= Salamanca Papers =

Spanish documents related to Spanish civil war

The Salamanca Papers (Spanish: Papeles de Salamanca; Catalan: Papers de Salamanca) refer to the 300,000 documents and 1,000 photographs confiscated from the Catalan government after the Spanish Civil War. The papers were transported in 12 railway freight wagons to the city of Salamanca to be stored in what was later to become Spain's Civil War Archive (Archivo General de la Guerra Civil Española).

The return of the documentation to the Catalan autonomous government was subject to much polemic in the 1990s and early 2000s, as well as numerous acts of violence at the moment of their physical transfer. The ad hoc committee of experts declared in 2004 that the documents should be returned to their legitimate owners. The documents were finally transferred in 2005.

New polemics arrived April 9 of 2021, when the "Generalitat de Catalunya" removed more than 20,000 documents.

== Background==
The origins of the Civil War Archive date back to the decree which, on September 13, 1936, established that "all properties and documents belonging to the political parties and organizations mentioned, as well as any other that opposed the movimiento nacional were to become the property of the State."

The original decree was supplemented by successive decrees, such as that of April 20, 1937, which set up a counter-propaganda unit, the Oficina de Investigación y Propaganda Anticomunista (OIPA), and of May 29, 1937, which created the Delegación Nacional de Asuntos Especiales, charged with "recompiling documentation regarding sects operating in the country... in order to set up an Archive with which to establish, uncover and sanction the enemies of the Patria."

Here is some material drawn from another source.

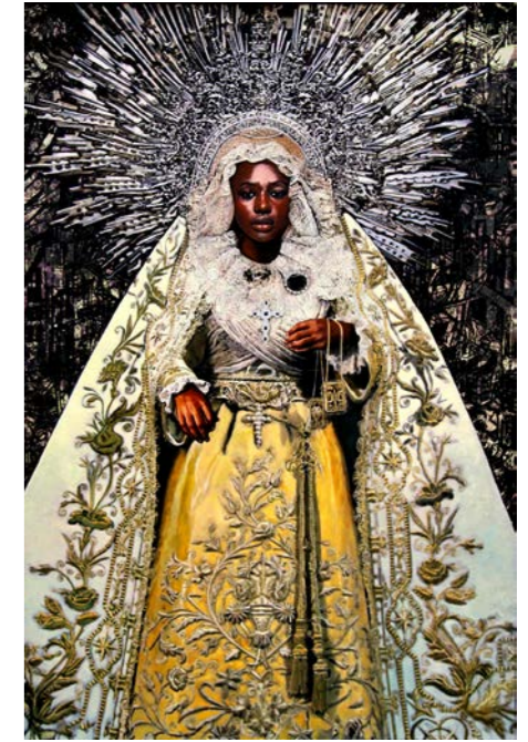
Sam AZULYS Santa Madre 3 , 2023 Technique mixte et résine époxy sur papier marouflé sur bois, 86,5 x 59,5 cm

The systematic recompilation of documents commenced with the fall of Bilbao, and in 1938 Serrano Súñer as Minister of the Interior, set up the Delegación del Estado para Recuperación de Documentos which started preparing documentation with which to prepare trials at military courts.

On the other hand, the Delegación de Servicios Especiales, which reported to General Franco's Private Office, was located at Salamanca, the city Franco had established as his headquarters.

In 1944, given the overlapping functions of the two bodies, they were brought together under the Delegación Nacional de Servicios Documentales, belonging to the Presidencia del Gobierno. Their function was specifically, to draw up dossiers to be used at the numerous courts set up under the regime: courts martial in general; the Tribunales de Responsabilidades Políticas; the Tribunales de Depuración de Funcionarios and the Tribunal Especial para la Represión de la Masonería y el Comunismo.

With the death of Franco, the dictatorship's Document Services was suppressed by the Royal Decree 276/1977 and in 1979 the collection was transferred to the newly created Ministry of Culture whose National Historic Archive set up a dedicated department.

The Archivo General de la Guerra Civil Española, housed at Salamanca, was formally constituted in 1999.

== Committee of experts ==
A committee of experts, comprising among others, the former director-general of Unesco, Federico Mayor Zaragoza (spokesman), Columbia University Professor of History Edward Malefakis, and Juan Pablo Fusi, declared in 2004, by a majority of 14 of its 17 members (with three abstentions), that it was "just and legitimate" that the documents be returned to the autonomous government.

The return of the corresponding documents to the Catalan authorities was formalised in 2005 by Law 21/2005, which established that within a year a new documentation centre, the Centro Documental de la Memoria Histórica, belonging to the state, would be set up in Salamanca.